Let G be a locally compact group, and let U be an open set in G. Show that Ug is an open set in G for all g in G.

Question

Let $G$ be a locally compact group. Let $U \subseteq G$ be open. Show that $Ug \subseteq G$ is open for all $g \in G$.

I'm really not sure how to prove this. I think it will involve the condition on a topology that any union of open sets is open, and any finite intersection of open sets is open, but I don't know how to express $Ug$ as a union/intersection of open sets in $G$. I would appreciate a hint!

Answer 1

Hint: In a topological group operations are continuous. In particular, $t_g:G\rightarrow G$ given by $t_g(x) = xg$ is continuous. Similarly with $t_{g^{-1}}$. Next $$t_g\cdot t_{g^{-1}}=?,\,t_{g^{-1}}\cdot t_g = ?$$

Remark.

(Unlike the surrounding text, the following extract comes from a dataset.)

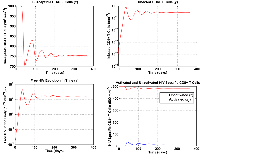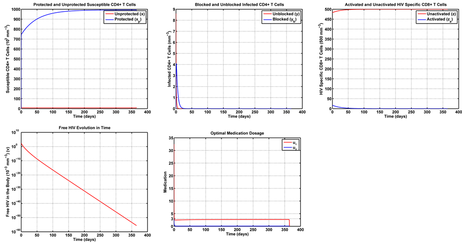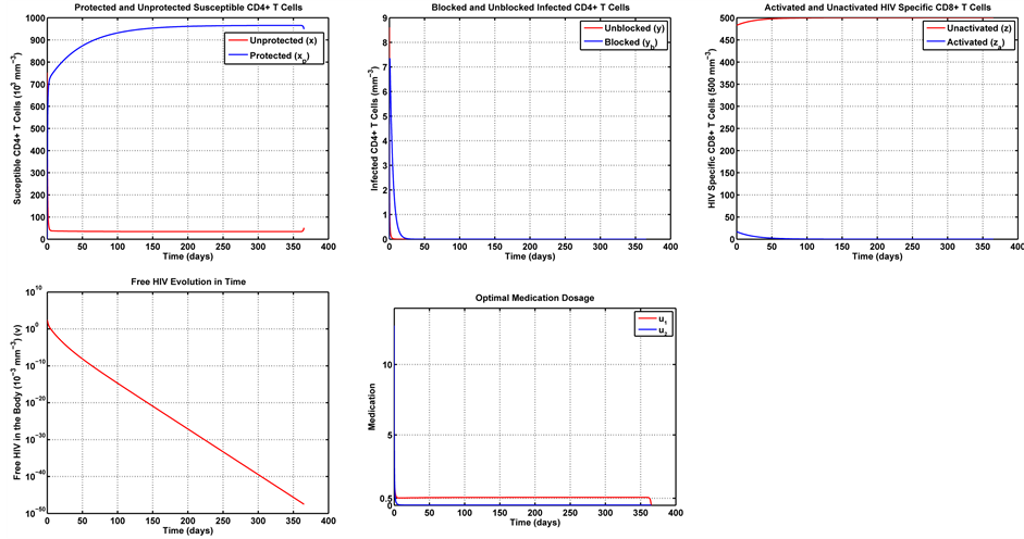 Figure 5 conveys a numerical simulation of the uncontrolled model in Equation (1), solved by means of the Finite Difference Method, for a one year period. Note that the solution represents the typical behavior of the immune system in the presence of HIV [9] [21] - [23] . The system rapidly approaches the non-trivial equilibrium point.

You don't need local compactness.

Answer 2

The map $f_g: G \to G$ defined by $f_g(x)=xg$ is a homeomorphism:

• continuous as multiplication $G \times G \to G$ is continuous and we just restrict to second element to $g$.
• Its inverse is of the same form $f_{g'}$ with $g'=g^{-1}$ by simple group laws.

So $f_g$ is an open map and so $f_g[U]=Ug$ is open for any open $U \subseteq G$. This is all true in any topological group.